C’est Louve Chérie qui l’a proposé : avec son loup, elle dispose dans la région de Rochefort d’une grande demeure dont une aile est en partie inoccupée. Pourquoi ne pas transformer ces deux chambres attenantes à une salle-de-bains en salon/salle à manger et chambre/bureau pour sa grand-mère ? Elle y jouirait du calme nécessaire pour écrire ses poèmes et alimenter son blog, d’une vue bucolique sur la prairie aux chevaux et les vaches voisines, d’un souper en famille le soir.

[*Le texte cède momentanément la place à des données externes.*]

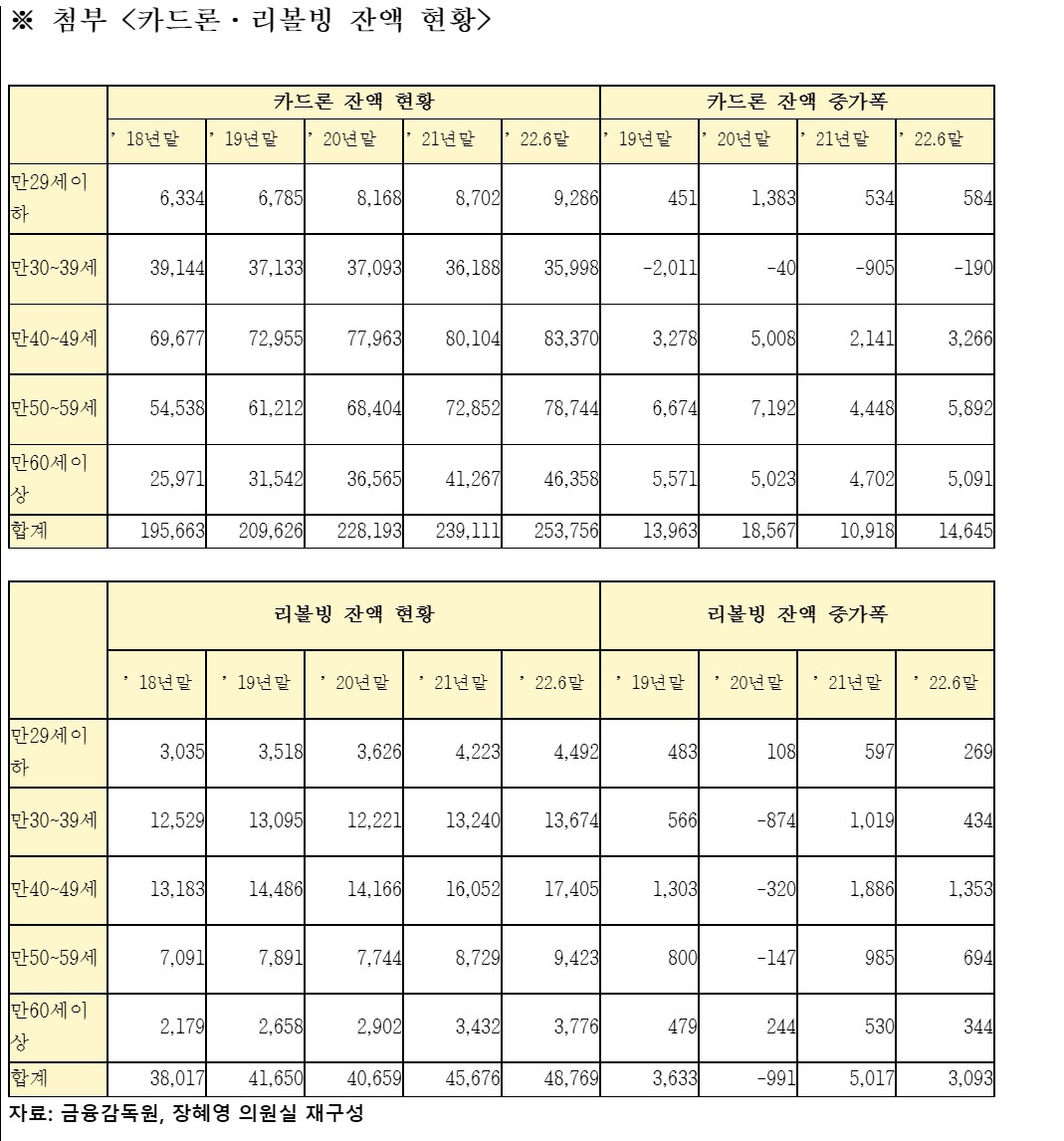 장 의원은 "카드론과 리볼빙은 모두 두 자릿수가 훌쩍 넘는 높은 수수료가 적용되는 만큼 복합위기로 어려움에 부닥친 서민이 높은 수수료의 빚에서 빠져나오지 못하고 있다"면서 "정부는 전환 대출이나 부실 채권 매입에 그칠 것이 아니라 취약층을 대상으로 적극적인 재정 지원에 나서야 한다"고 말했다.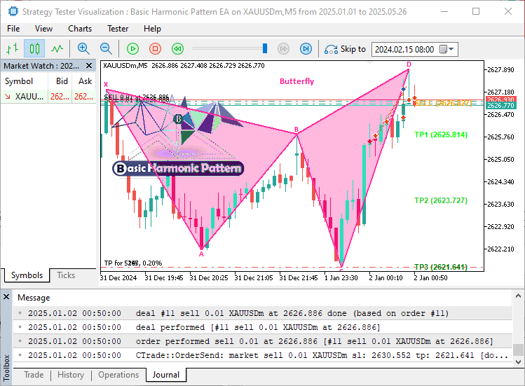The Harmonic Pattern EA leverages a custom indicator to detect harmonic patterns—geometric price formations based on Fibonacci ratios that signal potential reversals. Key patterns include Gartley, Butterfly, Crab, and Bat, each with specific Fibonacci levels (e.g., 61.8%, 78.6%) forming “M” (bearish) or “W” (bullish) shapes. The EA:

C’est dans l’air du temps : se regrouper pour faire des économies d’échelle et échanger de menus services. Pour autant, la décision est d’importance. Même si son intimité reste préservée par l’espace et la disposition des lieux, pour le jeune couple la présence sous son toit d’une personne supplémentaire implique des contraintes nouvelles. Pour Granny, citadine depuis la naissance, la solitude campagnarde en journée sera une expérience nouvelle. Elle dit ne pas l’appréhender, avoir soif de nature, ne pas être plus entourée dans son immeuble où elle ne connaît son voisin de pallier que de vue et à peine un peu plus un couple de quinquagénaires habitant l’étage du dessus.
Autour de nous, la surprise est générale, le scepticisme fréquent. De nos jours, il est rare que la jeune génération ait à la fois la possibilité et l’envie d’accueillir un parent, a fortiori un aïeul. Le défi est certes de taille, mais, après avoir réfléchi aux innombrables implications pratiques et psychologiques de l’entreprise, nous pensons disposer d’atouts majeurs : les heureux caractères des uns comme des autres.
Donc, l’homme se chargera des démarches administratives, Granny avertira son propriétaire, Grand-Loup prêtera main forte pour l’emballage, Louve Chérie achètera un nouveau matelas et son loup à elle creusera une tranchée pour la télédistribution. Notre amie France confectionnera les tentures.
Seul Milord n’a pas été consulté. Il aurait mit son véto.